• [PROBLEM DETAILS]
Some lines in the listing hold the word "This". Return each of them.

• [THE RECORDS]
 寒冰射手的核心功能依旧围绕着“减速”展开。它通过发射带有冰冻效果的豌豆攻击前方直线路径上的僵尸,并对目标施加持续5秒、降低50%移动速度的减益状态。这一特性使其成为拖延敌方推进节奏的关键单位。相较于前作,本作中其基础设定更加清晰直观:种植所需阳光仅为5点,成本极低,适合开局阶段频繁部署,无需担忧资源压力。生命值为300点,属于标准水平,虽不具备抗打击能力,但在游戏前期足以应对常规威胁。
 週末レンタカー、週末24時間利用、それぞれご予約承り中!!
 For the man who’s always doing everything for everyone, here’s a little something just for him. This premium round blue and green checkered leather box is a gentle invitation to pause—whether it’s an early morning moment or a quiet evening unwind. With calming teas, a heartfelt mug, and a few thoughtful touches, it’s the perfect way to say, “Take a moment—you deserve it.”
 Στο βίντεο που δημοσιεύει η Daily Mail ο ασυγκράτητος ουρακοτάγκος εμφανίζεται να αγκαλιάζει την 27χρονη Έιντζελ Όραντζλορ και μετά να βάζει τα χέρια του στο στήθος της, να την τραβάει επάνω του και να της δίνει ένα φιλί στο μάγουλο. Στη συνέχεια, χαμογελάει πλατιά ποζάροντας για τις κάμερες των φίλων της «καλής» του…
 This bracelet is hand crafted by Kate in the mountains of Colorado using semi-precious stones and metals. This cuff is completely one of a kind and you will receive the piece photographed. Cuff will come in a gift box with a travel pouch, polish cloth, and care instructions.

---

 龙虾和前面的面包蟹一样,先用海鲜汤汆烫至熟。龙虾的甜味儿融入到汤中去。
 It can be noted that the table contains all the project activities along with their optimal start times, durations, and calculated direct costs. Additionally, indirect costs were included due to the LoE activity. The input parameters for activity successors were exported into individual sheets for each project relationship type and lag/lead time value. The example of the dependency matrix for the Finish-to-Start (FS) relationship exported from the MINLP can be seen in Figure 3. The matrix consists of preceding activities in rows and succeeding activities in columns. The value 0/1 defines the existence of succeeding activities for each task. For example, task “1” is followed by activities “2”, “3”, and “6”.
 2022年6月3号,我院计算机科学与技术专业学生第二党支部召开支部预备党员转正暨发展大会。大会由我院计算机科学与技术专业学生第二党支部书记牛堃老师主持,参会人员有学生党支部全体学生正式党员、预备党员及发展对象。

---

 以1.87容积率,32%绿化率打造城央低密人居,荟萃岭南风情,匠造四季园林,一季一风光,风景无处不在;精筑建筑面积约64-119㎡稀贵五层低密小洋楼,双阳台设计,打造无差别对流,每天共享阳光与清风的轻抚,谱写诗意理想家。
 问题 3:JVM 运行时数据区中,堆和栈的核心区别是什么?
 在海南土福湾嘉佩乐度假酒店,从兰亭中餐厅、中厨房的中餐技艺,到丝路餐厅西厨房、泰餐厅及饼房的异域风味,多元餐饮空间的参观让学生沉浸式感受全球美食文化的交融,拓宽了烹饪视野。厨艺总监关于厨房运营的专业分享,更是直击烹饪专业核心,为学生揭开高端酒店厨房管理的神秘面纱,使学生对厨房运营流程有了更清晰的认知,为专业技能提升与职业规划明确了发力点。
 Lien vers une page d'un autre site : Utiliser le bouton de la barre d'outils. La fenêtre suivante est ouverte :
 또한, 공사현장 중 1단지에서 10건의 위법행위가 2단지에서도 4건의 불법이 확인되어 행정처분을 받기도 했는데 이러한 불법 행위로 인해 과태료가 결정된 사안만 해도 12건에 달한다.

• [TASK OUTPUT]
 For the man who’s always doing everything for everyone, here’s a little something just for him. This premium round blue and green checkered leather box is a gentle invitation to pause—whether it’s an early morning moment or a quiet evening unwind. With calming teas, a heartfelt mug, and a few thoughtful touches, it’s the perfect way to say, “Take a moment—you deserve it.”
 This bracelet is hand crafted by Kate in the mountains of Colorado using semi-precious stones and metals. This cuff is completely one of a kind and you will receive the piece photographed. Cuff will come in a gift box with a travel pouch, polish cloth, and care instructions.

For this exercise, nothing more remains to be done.